Had a girly discussion about make up and how, on the best of days, discovering the right shade of lipstick makes me feel I hit the jackpot in the national lottery, and how knowing that I am out, exposed to the world without even a slick of gloss to shield me from cruel comments about how the dead are up and walking, makes me want to curl up and die, without the courtesy of leaving a suicide note behind to ladle on eternal guilt to the one I leave behind who will undoubtedly turn cartwheels in delight and begin pulling out little black books of forgotten one night stand numbers.

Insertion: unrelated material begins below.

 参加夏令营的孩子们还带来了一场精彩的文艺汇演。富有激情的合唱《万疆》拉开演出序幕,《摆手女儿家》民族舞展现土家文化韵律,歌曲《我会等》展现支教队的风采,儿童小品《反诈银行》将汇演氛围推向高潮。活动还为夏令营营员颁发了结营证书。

What is it about me and lipstick that makes me recoil violently from my barefaced morning dog breath face when I glimpse it unlipsticked and puffy eyed the first thing I awake. I have now come to the matronly stage in my life when I do know and understand that I have to put on my face to look human, and not like some mangled rodent remains the cat dragged in as offering to her human. And I am okay with that. I worry about the panic that sets in if I fear I have been spotted in a public situation without said face. You know. With lipstick off. With face ashine with liters of oil pouring out of them geysers on the nose they call pores. Pours would have been more appropriate. But never mind.

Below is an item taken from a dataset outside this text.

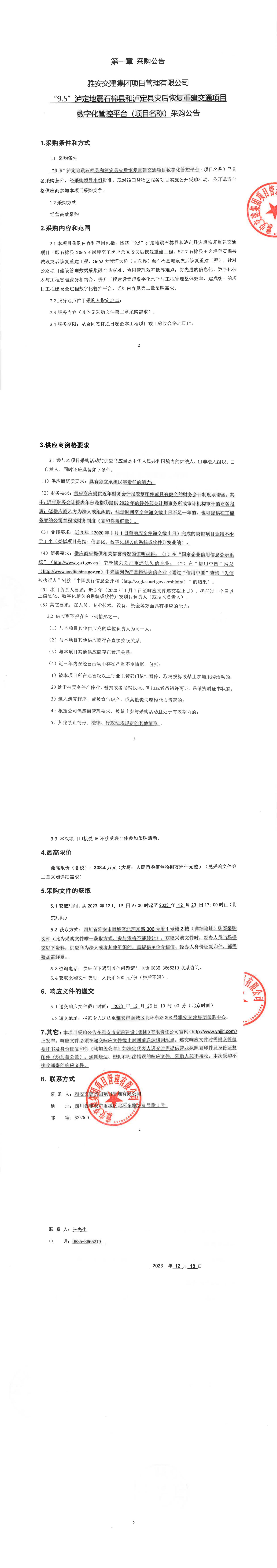 雅安交建集團(tuán)項(xiàng)目管理有限公司“9.5”瀘定地震石棉縣和瀘定縣災(zāi)后恢復(fù)重建交通項(xiàng)目數(shù)字化管控平臺(tái)(項(xiàng)目名稱(chēng))采購(gòu)公告

Once upon a time I lived barefaced. That was when I had not got into training bras. Like them bras, once I slathered on my first slash of colour on the lips, and outlined them eyes with kohl, I never went back. Make up is a definator of womanhood. A rite of passage. A declaration to the world that your childhood is now behind you and you are now a woman and out there to attract them stares from pimply gangly youth who are, in these hedonistic times, busy kidnapping each other and killing friends for ransom money. I came of age in more innocent times, when one could stare longingly at crushes and objects of interest without any risk of being kidnapped, molested or worse. And one could step out in public with bright orange lipstick without being laughed off the planet. Yup, guilty as charged. But then the skin was young and the eyes were bright, and orange lipstick didnt actually look as terrible as it would now.
Today, I must leave the house with eyes outlined, tinted sunblock in place and lips slicked over with either lipstick or gloss. Or I might as well have stepped out butt naked. I hate this dependence on cosmetics. I wish I had the courage to move out of the house with my skin bare, and no artificial pigment touching said skin. Having said that, I have moved from a situation when I sat at home all day with my contact lenses in, to a current dog laziness about putting in them eyes, and moving out and about with them soda bottle glasses and pretending that one is deliberately patronising the intellectual look on days when I havent had the chance to run the damn comb through my hair. Yup. That doesnt seem to make much of a difference, running said comb through the hair, but a slick of lipstick does immediately lift up the face, add some colour and drag one back, by above mentioned uncombed hair, back from the realm of the undead. Leave me on a desert island with a Woman Friday to fish and cook for me and a crate of sunblock and lipstick, and I would die happy. Throw in some eyeliner and some nail polish and I would die a good looking corpse too!
What is your relationship with make up?